Vitalik Buterin: High Fees May Be Gone Before ETH 2.0 Launches
Vitalik Buterin, the founder of Ethereum, has said that high fees on the network might be gone sooner than initially anticipated. Vitalik Buterin wrote a Twitter thread regarding ETH’s scaling issue on October 05, 2020.Â
The Ethereum creator admitted that he does not expect a fast solution to the problem of scalability of the main network. He clarified his position on this issue in a roadmap based on Rollups technologies.
Vitalik Buterin On Ethereum Scaling
Paraphrasing his ETHOnline Kickoff Summit presentation, Buterin addressed in a Twitter thread today that his plan for Ethereum 2.0 is “rollups on top of sharding.”
A quick recap of the short and medium term of Ethereum scaling.
TLDR:
1. Ultra-high scaling with sharding + rollups will be possible *in phase 1*
2. Sharding is NOT "cancelled"
3. Get on a rollup asap; you get 100x scaling even without eth2 pic.twitter.com/fXW0Q3iAxu— vitalik.eth (@VitalikButerin) October 5, 2020
According to Vitalik Buterin, Ethereum’s scalability is “ages away” at the uncomplicated level, and hence, the best method is to focus on second-level implementations that decrease network load and increase transaction speed. These rules can be combined into wallets, “not in Web sites such as dApps.”
What Is Rollup?
Rollup is a scaling method that holds transaction data on-chain, in a condensed manner, while the calculation is pushed off-chain. Sharding, on the other hand, splits the blockchain’s nodes into smaller groups, identified as ‘shards’, rather than approving the same transactions at the corresponding time. Several shards then verify various sets of transactions, thereby, improving the number of transactions processed per second.

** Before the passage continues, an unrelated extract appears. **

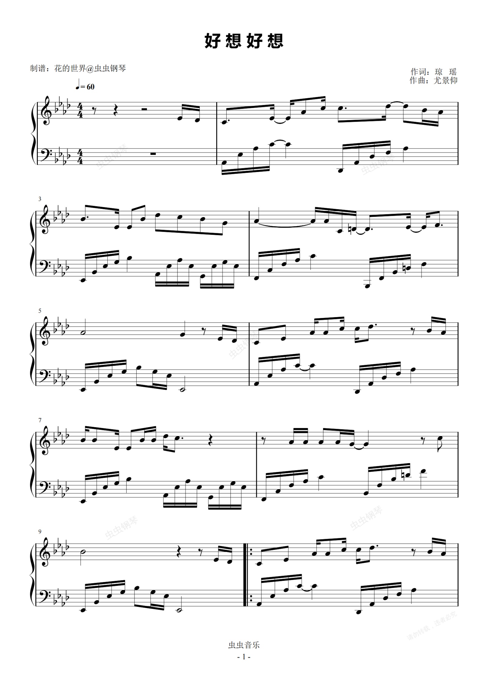 钢琴谱:好想好想  原调简易版  赵薇 /古巨基

It is interesting to note that Layer 1 (L1) is the first protocol (the Ethereum chain), while Layer 2 (L2) is any protocol developed on top of it. He proposed a scaling roadmap that incorporates the next 1-2 years and involves “combining the scaling mechanism of sharding with the scaling mechanism of rollups.”

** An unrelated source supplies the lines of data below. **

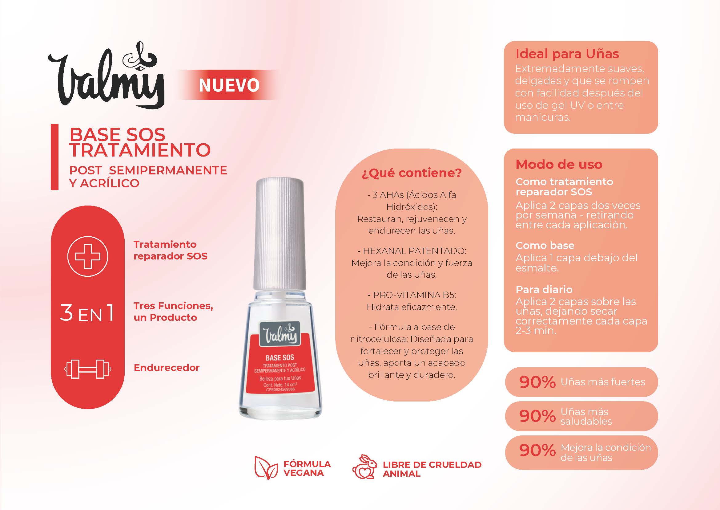BASE SOS TRATAMIENTO POST SEMIPERMANENTE Y ACRÍLICO. Modo de uso: Como tratamiento reparador SOS: Aplica 2 capas dos veces por semana - retirando entre cada aplicación. Como base: Aplica 1 capa debajo del esmalte. Para diario: Aplica 2 capas sobre las uñas, dejando secar correctamente cada capa 2-3 min.
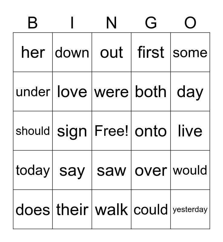 This bingo card has a free space and 24 words: say, their, were, does, some, her, under, down, onto, saw, both, should, over, would, love, could, live, out, day, sign, yesterday, today, first and walk.
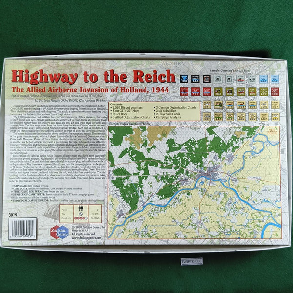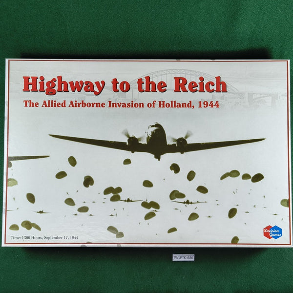 Highway to the Reich is a tactical simulation of the largest airborne operation in history. Over 35,000 men belonging to 1st Allied Airborne Army dropped from the skies of Holland. Their objective: capture and hold a highway. The result: a salient into German territory that lacked only the last objective, and was thus a tragic defeat.

Buterin explained that this could also expect a realignment of Ethereum 2.0’s presence in the long run. The base layer (L1) should focus on consent, data availability, and security within these circumstances, while scaling is totally dictated by L2, sequentially.

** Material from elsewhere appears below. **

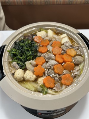 お肉をはじめ、人参・ほうれん草・白菜など、彩り豊かで栄養満点の具材がたっぷり入ったお鍋を、皆さま美味しそうに召し上がっておられました。
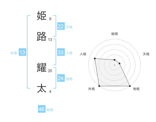 姫路 耀太さんの天格は22画の1点!

The prevailing output of Ethereum was estimated at about 15 TPS. At some point, the network can possibly handle 100,000 TPS with the thriving initiation of Rollups and the development of ETH 2.0. He further stated that ETH 1.0 clients could be realigned as convinced rollup customers, while the future demands to see all users’ initial accounts, profits, assets, etc., as well as Ethereum apps and Ethereum Name Service domains, completely inside a layer 2, instead of layer 1.